* [Exercise aim]
Return exactly the lines below, starting with the one that has "SILVERADO SOLD $21,995" and going on through the one that has "DESIGN 2722H E-32".
<<<<
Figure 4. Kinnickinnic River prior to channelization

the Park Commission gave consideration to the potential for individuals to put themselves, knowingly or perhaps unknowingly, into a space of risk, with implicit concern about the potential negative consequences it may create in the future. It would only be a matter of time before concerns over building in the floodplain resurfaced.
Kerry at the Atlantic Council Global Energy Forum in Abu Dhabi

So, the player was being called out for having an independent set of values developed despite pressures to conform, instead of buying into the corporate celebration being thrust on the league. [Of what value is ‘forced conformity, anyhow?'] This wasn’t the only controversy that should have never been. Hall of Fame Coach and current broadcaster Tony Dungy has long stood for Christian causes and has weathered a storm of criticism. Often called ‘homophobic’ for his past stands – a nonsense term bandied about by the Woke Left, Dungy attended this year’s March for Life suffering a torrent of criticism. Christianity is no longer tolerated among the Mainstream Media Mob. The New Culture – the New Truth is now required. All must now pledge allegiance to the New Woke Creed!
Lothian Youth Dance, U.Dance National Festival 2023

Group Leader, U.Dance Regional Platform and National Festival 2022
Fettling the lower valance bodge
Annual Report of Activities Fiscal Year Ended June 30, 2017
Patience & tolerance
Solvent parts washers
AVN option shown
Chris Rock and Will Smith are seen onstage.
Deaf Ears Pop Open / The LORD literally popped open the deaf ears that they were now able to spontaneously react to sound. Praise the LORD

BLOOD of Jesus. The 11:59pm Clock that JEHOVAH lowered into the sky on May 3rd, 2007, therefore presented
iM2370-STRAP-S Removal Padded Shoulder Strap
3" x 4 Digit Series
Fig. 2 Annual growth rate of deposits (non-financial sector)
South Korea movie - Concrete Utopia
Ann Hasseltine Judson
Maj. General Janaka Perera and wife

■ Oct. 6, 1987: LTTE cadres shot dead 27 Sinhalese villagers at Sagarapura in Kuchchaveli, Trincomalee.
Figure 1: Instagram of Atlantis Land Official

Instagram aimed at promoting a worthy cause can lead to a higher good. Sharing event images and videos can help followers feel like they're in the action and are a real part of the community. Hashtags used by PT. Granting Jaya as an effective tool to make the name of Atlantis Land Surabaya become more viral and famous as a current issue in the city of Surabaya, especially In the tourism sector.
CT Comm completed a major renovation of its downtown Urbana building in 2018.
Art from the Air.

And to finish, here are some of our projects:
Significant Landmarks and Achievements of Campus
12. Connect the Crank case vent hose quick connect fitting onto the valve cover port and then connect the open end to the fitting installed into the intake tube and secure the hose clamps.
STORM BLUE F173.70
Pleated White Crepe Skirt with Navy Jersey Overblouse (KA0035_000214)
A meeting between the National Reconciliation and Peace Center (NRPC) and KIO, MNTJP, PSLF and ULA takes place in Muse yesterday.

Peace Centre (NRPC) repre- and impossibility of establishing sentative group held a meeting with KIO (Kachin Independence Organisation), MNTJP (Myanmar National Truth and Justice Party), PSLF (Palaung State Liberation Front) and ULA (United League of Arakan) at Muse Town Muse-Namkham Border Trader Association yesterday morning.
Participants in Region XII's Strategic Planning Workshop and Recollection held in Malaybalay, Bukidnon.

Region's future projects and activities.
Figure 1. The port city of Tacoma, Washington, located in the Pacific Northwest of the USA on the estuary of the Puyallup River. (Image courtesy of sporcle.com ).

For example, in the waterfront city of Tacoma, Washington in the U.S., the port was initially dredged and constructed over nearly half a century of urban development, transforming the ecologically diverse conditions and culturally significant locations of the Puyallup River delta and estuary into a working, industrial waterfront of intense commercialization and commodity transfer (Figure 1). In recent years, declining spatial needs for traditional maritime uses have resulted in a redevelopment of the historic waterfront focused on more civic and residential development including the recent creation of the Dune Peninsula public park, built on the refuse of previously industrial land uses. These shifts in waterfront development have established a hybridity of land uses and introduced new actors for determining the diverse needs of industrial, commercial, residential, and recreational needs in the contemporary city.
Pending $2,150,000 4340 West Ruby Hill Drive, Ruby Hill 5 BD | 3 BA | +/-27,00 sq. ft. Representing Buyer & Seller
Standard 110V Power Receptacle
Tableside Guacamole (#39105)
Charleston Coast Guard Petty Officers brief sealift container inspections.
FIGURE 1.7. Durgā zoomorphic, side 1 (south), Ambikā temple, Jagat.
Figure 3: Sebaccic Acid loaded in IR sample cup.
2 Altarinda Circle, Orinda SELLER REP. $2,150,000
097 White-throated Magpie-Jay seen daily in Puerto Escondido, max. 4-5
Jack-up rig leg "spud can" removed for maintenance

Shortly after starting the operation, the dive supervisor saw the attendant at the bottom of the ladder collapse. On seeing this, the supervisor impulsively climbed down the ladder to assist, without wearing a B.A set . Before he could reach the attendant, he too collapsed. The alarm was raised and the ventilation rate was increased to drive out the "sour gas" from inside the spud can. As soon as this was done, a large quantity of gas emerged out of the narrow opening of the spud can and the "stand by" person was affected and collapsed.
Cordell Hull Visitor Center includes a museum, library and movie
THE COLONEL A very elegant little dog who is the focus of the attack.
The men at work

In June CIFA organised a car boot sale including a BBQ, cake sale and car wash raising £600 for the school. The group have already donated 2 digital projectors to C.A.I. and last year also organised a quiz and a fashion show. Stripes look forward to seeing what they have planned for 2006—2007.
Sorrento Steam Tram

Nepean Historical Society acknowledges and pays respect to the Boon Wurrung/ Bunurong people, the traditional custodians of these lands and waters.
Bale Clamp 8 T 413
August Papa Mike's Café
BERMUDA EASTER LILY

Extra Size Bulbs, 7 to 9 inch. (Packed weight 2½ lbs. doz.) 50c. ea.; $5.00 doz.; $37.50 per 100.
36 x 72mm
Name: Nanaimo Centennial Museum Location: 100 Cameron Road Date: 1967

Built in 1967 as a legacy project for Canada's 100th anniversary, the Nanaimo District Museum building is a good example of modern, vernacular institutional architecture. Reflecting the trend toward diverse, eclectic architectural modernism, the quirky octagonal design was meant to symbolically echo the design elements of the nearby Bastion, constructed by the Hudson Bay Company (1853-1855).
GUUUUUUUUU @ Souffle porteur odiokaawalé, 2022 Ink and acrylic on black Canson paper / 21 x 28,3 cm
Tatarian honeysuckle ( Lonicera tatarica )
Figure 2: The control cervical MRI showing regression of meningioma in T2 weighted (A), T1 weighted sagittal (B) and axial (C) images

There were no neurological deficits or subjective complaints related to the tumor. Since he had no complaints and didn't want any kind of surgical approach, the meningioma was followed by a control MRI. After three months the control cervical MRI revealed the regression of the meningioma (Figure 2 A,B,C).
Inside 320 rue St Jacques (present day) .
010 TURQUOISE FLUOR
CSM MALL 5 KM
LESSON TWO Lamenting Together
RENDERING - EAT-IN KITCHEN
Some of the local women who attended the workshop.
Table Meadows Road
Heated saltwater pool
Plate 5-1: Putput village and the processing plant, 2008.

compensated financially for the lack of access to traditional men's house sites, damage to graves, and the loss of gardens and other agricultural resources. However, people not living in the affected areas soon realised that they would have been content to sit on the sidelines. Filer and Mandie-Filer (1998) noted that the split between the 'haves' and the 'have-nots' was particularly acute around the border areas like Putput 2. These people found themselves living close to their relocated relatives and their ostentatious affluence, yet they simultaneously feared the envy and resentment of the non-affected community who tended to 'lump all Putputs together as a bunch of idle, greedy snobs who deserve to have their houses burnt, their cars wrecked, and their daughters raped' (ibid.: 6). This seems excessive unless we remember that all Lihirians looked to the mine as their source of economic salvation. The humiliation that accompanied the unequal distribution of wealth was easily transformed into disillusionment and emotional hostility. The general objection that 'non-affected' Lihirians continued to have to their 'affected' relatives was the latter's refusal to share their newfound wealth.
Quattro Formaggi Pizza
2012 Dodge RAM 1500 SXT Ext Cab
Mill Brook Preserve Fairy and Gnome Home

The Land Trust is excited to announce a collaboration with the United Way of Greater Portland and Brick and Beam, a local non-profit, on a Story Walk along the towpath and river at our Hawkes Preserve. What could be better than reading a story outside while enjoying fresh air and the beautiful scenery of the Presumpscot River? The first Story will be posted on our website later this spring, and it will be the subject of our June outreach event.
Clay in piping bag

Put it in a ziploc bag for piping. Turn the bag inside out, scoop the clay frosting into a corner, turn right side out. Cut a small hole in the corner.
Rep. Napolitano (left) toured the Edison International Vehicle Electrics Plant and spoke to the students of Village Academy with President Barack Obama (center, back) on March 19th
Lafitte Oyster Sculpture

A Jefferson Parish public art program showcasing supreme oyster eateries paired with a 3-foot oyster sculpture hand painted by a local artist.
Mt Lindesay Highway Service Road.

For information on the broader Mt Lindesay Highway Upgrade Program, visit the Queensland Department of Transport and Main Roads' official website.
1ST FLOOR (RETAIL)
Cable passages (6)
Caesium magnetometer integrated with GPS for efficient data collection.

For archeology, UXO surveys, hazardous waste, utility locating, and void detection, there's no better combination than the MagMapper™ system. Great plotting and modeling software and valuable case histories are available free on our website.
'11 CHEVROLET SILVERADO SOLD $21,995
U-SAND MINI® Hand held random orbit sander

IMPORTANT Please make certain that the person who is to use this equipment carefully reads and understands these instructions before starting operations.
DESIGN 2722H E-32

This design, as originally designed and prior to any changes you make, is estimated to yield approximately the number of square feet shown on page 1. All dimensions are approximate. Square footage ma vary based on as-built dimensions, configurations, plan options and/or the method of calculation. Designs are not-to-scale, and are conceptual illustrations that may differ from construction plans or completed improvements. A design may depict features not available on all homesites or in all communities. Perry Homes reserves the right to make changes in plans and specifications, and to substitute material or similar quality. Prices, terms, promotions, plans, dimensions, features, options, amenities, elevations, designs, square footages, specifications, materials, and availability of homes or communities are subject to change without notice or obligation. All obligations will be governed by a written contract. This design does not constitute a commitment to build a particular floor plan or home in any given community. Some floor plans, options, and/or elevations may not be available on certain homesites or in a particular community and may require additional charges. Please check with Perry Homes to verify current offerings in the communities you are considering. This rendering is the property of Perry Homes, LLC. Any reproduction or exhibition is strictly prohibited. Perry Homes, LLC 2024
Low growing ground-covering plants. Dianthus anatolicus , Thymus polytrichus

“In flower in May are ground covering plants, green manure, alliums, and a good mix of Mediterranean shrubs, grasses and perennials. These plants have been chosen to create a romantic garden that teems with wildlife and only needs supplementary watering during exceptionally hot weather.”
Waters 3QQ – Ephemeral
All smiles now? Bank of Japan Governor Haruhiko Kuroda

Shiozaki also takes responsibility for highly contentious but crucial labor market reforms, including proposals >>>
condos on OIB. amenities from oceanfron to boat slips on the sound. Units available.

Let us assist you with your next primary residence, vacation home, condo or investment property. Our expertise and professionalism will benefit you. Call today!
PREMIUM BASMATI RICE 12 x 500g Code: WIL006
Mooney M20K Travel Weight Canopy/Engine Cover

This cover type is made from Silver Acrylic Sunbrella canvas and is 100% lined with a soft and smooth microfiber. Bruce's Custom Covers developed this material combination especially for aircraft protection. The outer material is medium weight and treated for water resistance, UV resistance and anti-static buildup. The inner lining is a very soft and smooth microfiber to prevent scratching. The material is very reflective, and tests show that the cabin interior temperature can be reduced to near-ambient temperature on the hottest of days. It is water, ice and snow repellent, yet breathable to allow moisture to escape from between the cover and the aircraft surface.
>>>>
* [Output below]
'11 CHEVROLET SILVERADO SOLD $21,995
U-SAND MINI® Hand held random orbit sander

IMPORTANT Please make certain that the person who is to use this equipment carefully reads and understands these instructions before starting operations.
DESIGN 2722H E-32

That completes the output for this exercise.